If the authentication code (such as OTP by SMS) is used through a multi-purpose device (a mobile phone or tablet that is used both to initiate the payment and to receive the code), the Payment Service Provider (PSP) is subject to very strict security measures to reduce the risk arising from the alteration of that device.
To ensure the independence of the elements as required by Article 9 of the RTS, the PSP must imperatively provide for:
- The use of separate secure execution environments through the software installed on the multi-purpose device.
- Mechanisms to ensure that the software or device has not been altered.
- Mechanisms to mitigate the consequences in the event of alterations.
Without the implementation of these sophisticated technical guarantees ensuring logical separation of the factors, the SCA independence requirement is not fulfilled.
5. What remedies may I have if my bank used a non-compliant SMS method?
Although the sources do not describe in detail the compensation procedure for victims, they indicate a key principle related to SCA compliance:
- If the payer’s payment service provider does not require strong customer authentication (SCA), the payer shall not bear any financial loss, unless he or she has acted fraudulently.
If a PSP used an SMS-based authentication process that did not comply with the strict independence and security requirements set out in Article 9 of the Delegated Regulation for multi-purpose devices, this could indicate a failure to effectively apply regulatory SCA, potentially opening the way for a claim against the PSP.

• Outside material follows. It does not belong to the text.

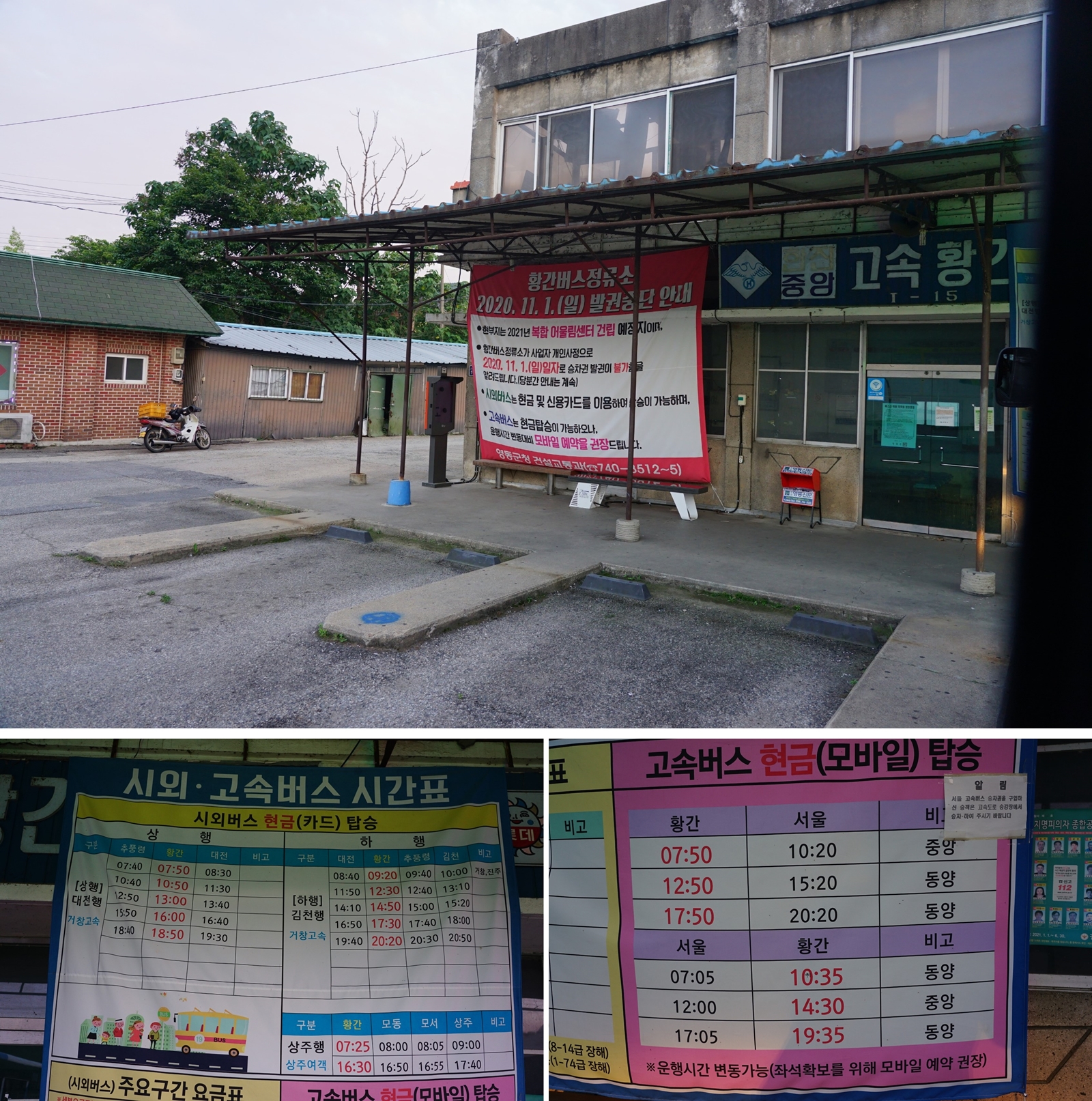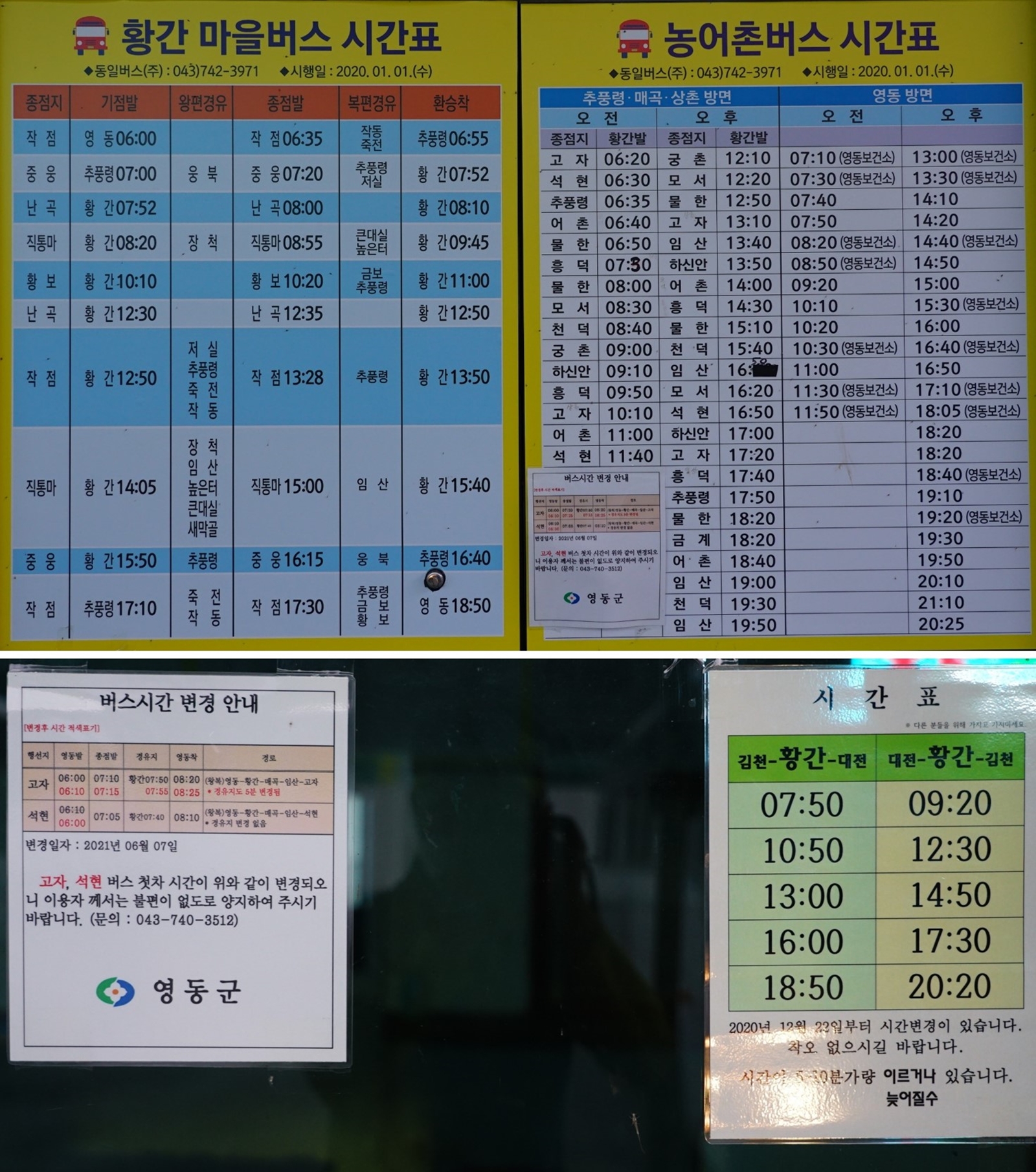 >> 황간 터미널에 있는 버스시간표

PSPs are further required to put in place transaction monitoring mechanisms to detect unauthorized or fraudulent payment operations, taking into account risk factors such as known fraud scenarios or signs of malware infection.
In summary: Using SMS as a possession factor on a smartphone for a transaction is comparable to storing two security keys (password and SMS code) in the same unlocked drawer of a house (the phone). The regulation (PSD2) requires the bank to ensure that these keys are kept in separate reinforced rooms (secure execution environments). If this separation does not exist, security is compromised, and the authentication is not considered strong and independent.